▸ AVAILABLE DATA:

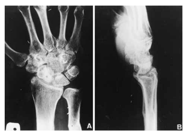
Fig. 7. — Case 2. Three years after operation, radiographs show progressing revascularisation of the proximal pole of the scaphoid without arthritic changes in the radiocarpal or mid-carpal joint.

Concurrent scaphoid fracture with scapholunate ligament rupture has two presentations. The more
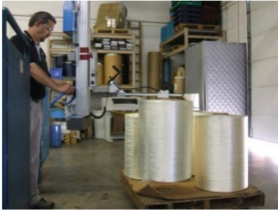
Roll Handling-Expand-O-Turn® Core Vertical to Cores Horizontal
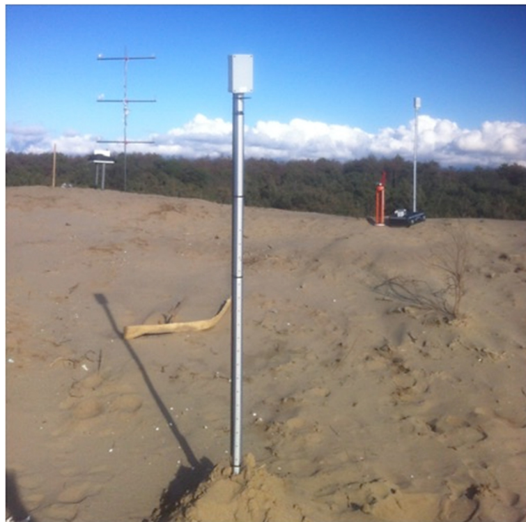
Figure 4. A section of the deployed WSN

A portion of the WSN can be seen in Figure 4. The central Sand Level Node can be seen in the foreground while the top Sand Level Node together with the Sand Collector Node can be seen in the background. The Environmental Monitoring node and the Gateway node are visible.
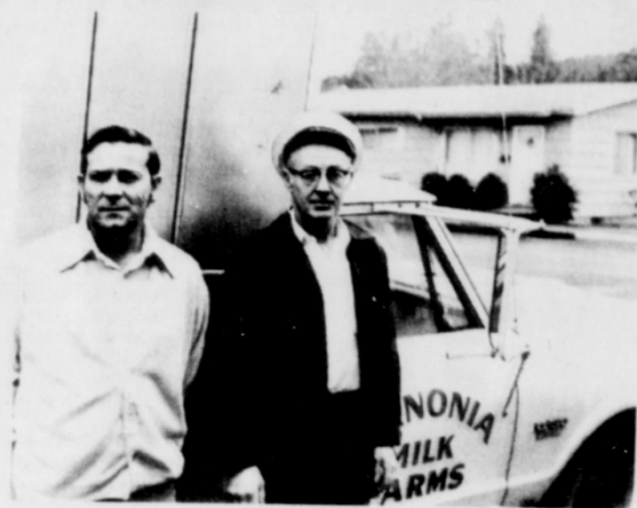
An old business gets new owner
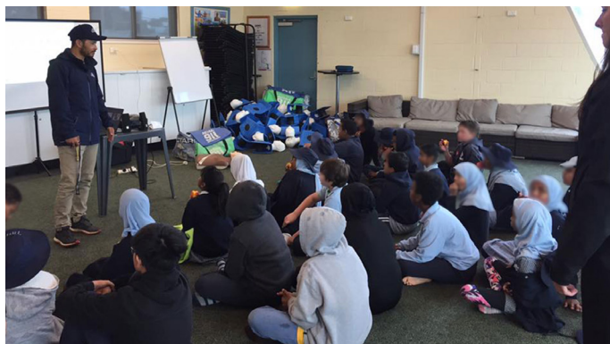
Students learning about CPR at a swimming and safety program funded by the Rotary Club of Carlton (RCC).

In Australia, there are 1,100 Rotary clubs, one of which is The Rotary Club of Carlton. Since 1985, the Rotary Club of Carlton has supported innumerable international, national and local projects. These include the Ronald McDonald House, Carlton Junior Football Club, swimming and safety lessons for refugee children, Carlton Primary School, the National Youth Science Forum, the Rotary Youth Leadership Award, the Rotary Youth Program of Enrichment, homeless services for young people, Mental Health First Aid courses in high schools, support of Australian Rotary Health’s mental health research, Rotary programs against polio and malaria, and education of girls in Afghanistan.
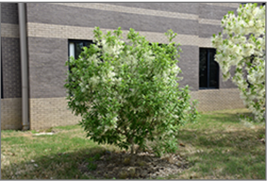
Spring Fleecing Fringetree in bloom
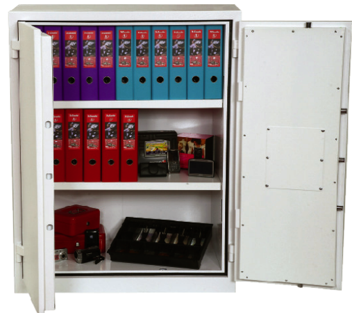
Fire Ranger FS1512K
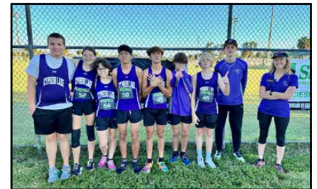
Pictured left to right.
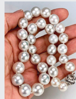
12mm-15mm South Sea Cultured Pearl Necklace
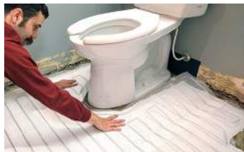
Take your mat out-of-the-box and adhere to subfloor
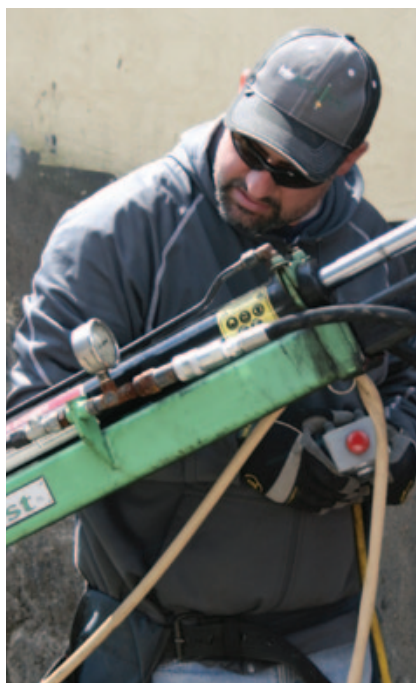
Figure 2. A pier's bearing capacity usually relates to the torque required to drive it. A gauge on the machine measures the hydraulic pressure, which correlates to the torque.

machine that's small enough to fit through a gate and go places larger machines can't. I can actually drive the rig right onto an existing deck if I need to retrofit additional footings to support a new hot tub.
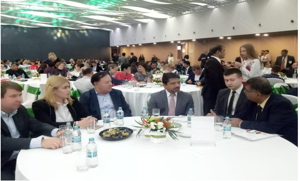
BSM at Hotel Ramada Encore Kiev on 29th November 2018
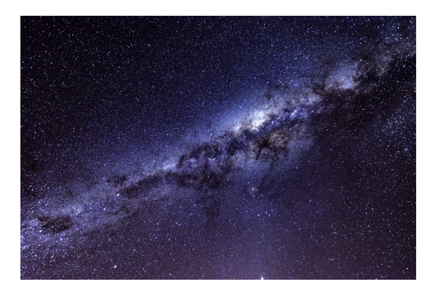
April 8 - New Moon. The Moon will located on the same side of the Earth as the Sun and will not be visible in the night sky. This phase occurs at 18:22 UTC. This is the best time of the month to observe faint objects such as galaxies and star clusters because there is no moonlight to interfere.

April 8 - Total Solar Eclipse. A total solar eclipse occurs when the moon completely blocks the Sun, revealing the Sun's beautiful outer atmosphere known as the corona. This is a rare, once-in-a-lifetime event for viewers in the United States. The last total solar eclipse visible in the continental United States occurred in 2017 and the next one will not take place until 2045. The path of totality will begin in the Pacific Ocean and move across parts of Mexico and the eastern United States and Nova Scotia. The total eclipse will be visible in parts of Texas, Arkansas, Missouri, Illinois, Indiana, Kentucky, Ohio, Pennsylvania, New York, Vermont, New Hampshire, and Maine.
--
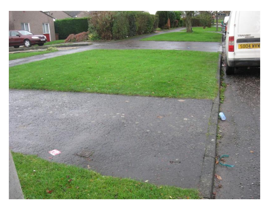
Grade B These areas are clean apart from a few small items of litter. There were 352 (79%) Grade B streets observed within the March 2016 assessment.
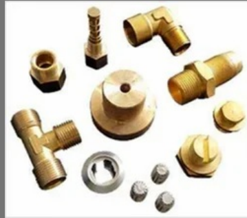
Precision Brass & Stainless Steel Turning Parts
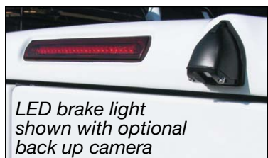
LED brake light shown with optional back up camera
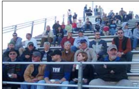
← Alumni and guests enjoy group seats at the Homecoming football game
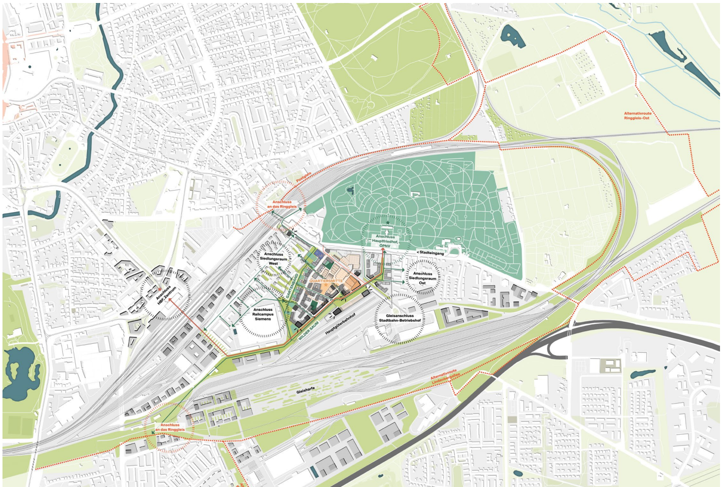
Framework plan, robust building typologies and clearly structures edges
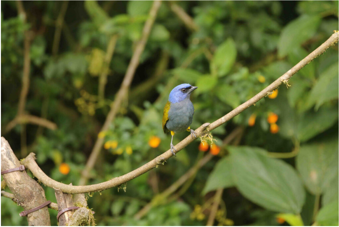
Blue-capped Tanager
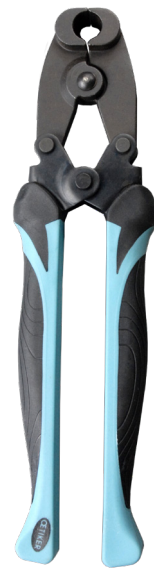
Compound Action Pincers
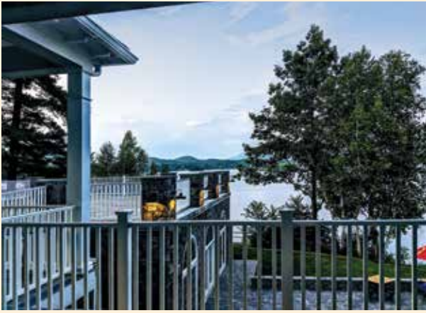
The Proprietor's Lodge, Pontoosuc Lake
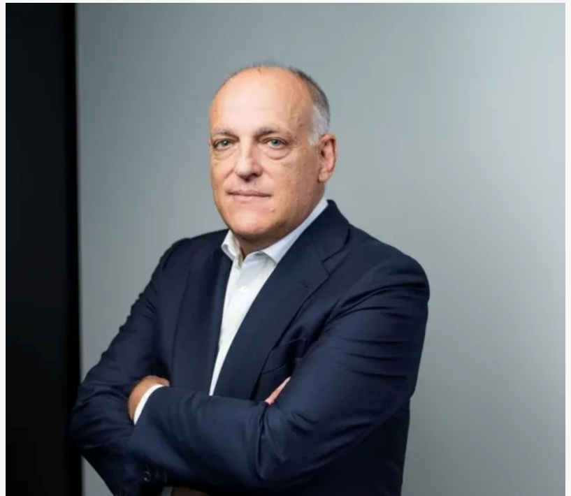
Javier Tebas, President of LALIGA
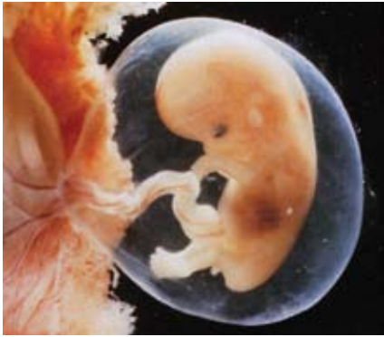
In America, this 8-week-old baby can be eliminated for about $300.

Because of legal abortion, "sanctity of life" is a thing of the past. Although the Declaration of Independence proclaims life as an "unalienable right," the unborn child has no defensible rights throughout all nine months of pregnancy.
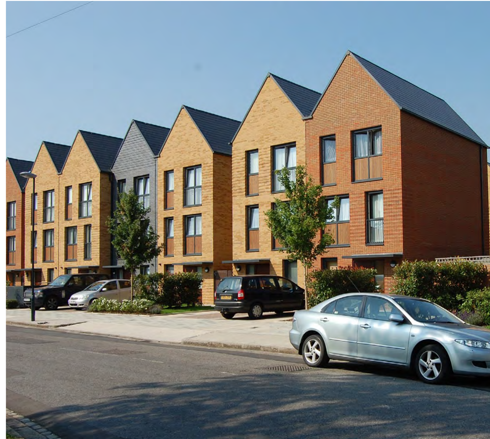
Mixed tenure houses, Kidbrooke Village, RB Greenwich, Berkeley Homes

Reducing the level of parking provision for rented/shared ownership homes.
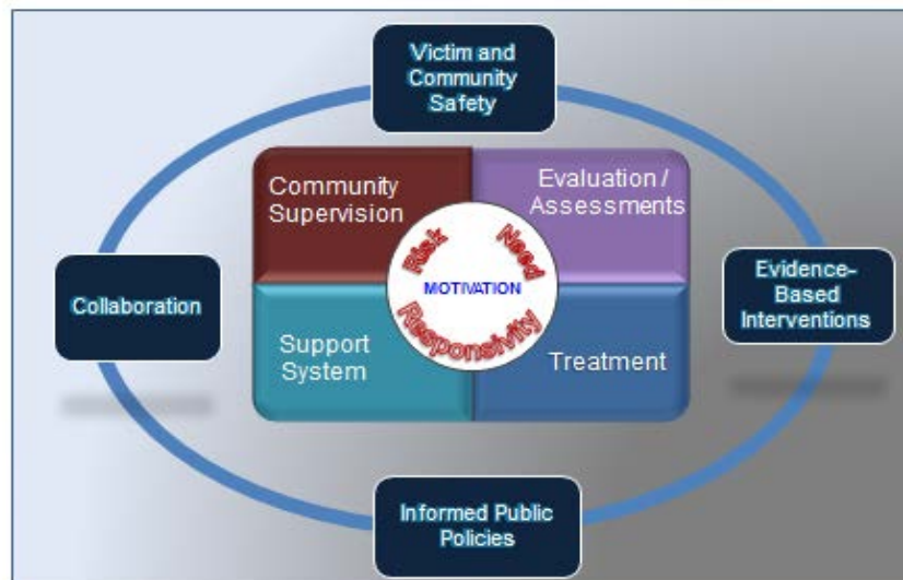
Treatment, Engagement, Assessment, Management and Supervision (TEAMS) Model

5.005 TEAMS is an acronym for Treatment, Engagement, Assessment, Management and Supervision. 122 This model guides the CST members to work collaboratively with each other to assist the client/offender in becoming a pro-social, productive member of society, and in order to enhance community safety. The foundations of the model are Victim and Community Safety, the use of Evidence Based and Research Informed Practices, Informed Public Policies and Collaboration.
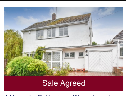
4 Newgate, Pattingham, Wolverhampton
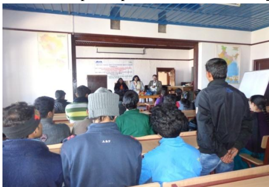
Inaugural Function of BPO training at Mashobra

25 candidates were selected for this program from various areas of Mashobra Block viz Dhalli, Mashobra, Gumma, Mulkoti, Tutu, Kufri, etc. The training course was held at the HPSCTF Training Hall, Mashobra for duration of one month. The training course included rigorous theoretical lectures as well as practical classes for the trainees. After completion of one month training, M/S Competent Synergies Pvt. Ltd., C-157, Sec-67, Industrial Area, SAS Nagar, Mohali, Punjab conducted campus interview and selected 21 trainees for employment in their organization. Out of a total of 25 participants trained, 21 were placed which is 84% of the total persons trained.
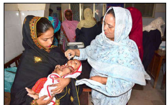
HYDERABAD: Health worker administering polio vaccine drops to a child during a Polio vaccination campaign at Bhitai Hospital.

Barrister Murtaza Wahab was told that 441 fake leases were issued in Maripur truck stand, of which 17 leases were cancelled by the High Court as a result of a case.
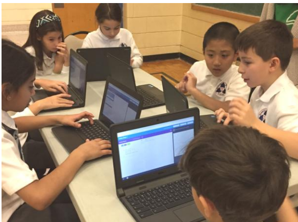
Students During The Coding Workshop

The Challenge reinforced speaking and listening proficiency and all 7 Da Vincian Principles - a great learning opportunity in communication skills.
--
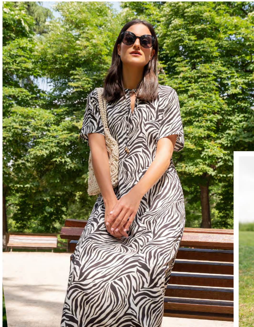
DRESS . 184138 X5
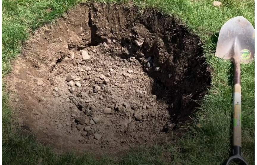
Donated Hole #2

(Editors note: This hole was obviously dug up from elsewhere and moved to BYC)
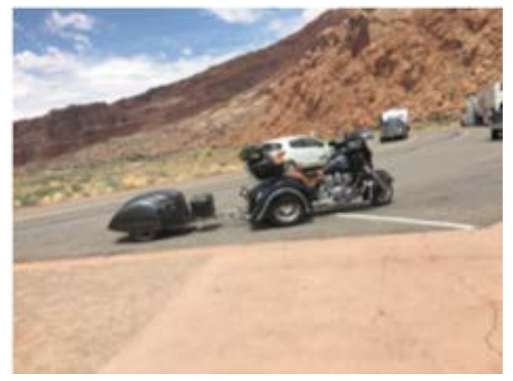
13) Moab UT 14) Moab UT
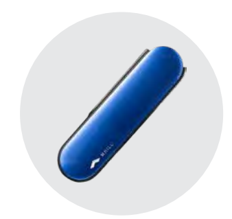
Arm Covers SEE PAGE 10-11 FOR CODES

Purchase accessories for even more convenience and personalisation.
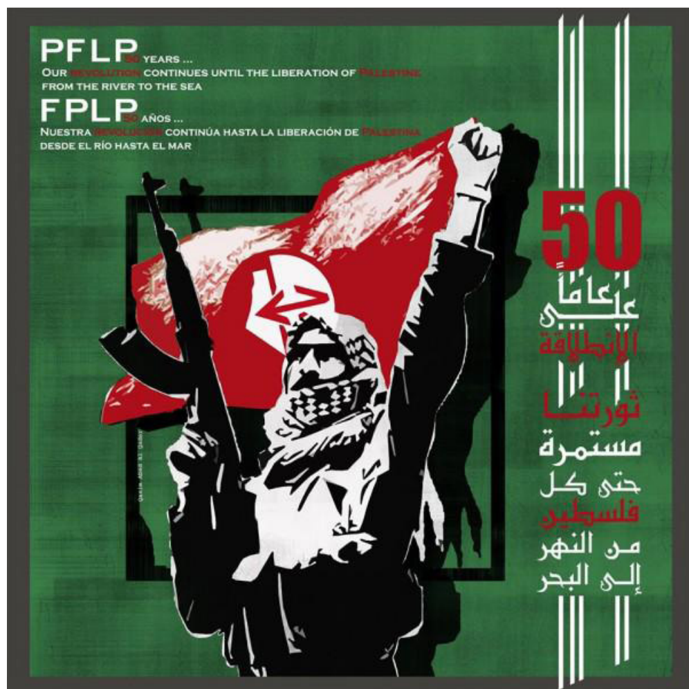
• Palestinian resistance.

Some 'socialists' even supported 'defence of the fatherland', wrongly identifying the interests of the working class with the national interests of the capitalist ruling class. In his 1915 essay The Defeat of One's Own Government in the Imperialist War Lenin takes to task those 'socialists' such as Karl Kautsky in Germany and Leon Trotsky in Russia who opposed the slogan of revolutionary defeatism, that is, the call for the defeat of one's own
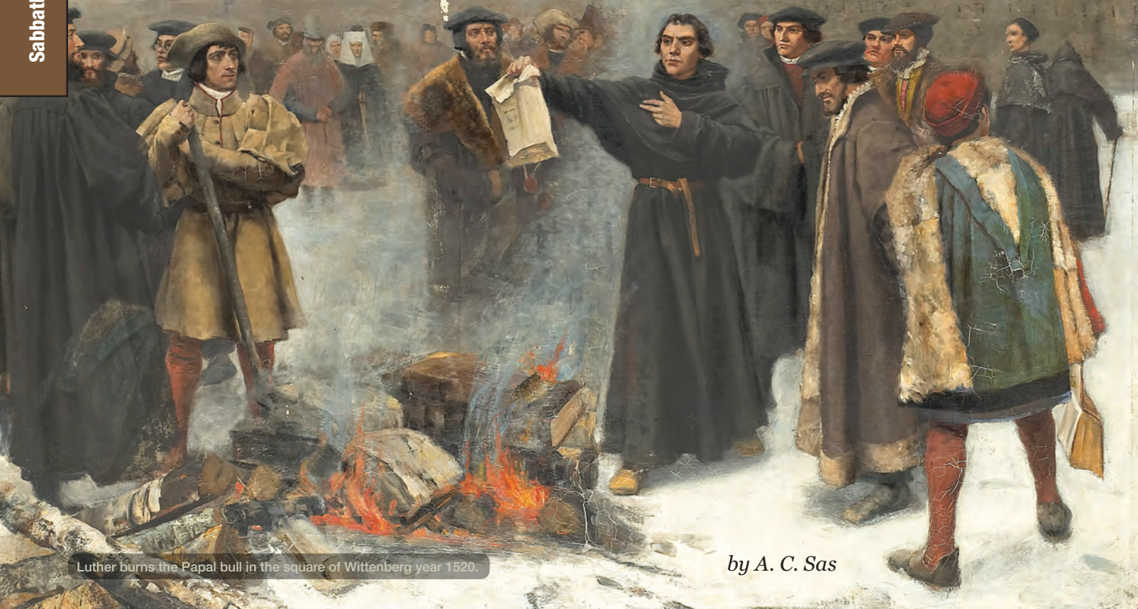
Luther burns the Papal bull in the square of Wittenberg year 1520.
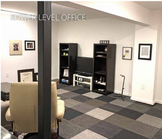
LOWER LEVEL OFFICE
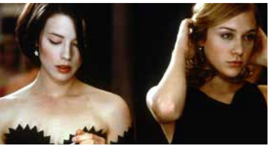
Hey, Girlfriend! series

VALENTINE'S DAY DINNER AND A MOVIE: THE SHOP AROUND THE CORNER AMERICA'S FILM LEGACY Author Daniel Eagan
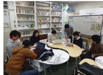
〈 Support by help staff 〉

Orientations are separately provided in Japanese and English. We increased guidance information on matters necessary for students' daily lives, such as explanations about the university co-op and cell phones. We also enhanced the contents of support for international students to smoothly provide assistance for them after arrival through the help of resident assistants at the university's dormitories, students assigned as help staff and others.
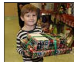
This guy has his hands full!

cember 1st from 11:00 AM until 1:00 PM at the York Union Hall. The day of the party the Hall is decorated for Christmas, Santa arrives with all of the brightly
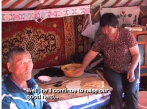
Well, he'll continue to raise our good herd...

▸ WORK INSTRUCTION: An exact copy of the lines above from the one with "machine that's small" up to and including the one with "April 8 - New" is required; reproduce only those lines, omitting all pictures.

▸ SOLUTION:
machine that's small enough to fit through a gate and go places larger machines can't. I can actually drive the rig right onto an existing deck if I need to retrofit additional footings to support a new hot tub.
BSM at Hotel Ramada Encore Kiev on 29th November 2018
April 8 - New Moon. The Moon will located on the same side of the Earth as the Sun and will not be visible in the night sky. This phase occurs at 18:22 UTC. This is the best time of the month to observe faint objects such as galaxies and star clusters because there is no moonlight to interfere.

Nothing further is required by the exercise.